Dataset entries:
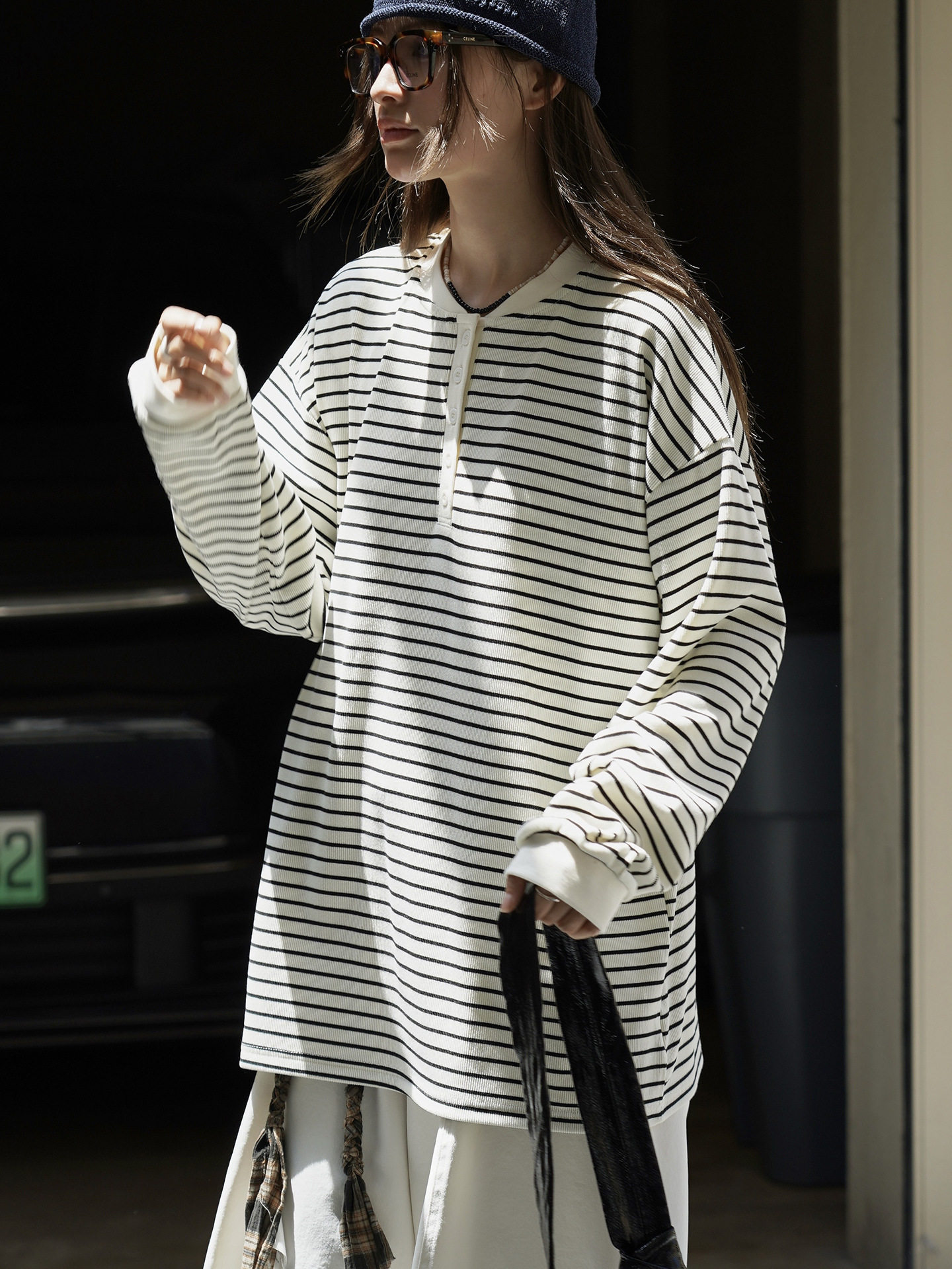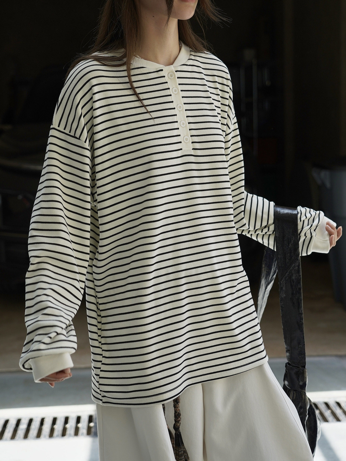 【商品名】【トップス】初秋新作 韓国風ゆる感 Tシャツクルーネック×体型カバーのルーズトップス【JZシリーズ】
==
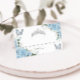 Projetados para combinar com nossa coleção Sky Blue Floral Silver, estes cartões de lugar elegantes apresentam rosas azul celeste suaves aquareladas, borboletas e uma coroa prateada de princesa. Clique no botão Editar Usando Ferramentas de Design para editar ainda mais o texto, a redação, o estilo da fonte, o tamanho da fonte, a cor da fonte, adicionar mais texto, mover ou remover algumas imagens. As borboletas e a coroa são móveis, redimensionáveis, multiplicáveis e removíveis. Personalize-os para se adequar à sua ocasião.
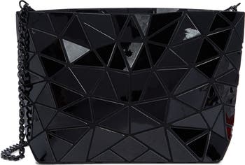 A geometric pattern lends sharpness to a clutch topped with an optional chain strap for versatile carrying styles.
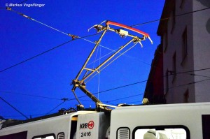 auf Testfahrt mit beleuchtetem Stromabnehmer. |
* * *
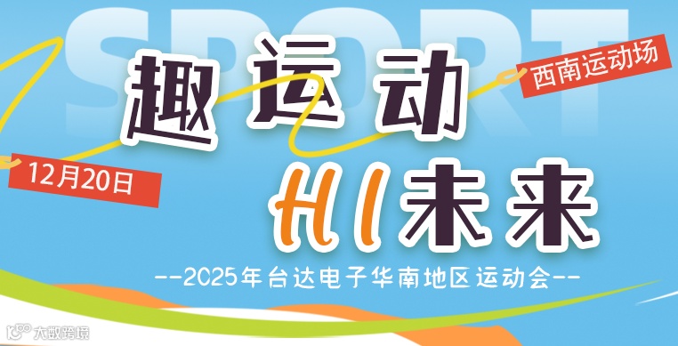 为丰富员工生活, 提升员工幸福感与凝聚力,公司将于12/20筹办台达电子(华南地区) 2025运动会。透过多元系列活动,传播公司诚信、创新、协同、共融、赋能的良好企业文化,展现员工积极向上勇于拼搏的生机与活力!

What you will do:
Write down exactly what the lines above say, from the line holding "A geometric pattern" through the line holding "auf Testfahrt mit", and nothing more. Do not copy the pictures.

Output for this exercise:
 A geometric pattern lends sharpness to a clutch topped with an optional chain strap for versatile carrying styles.
 auf Testfahrt mit beleuchtetem Stromabnehmer. |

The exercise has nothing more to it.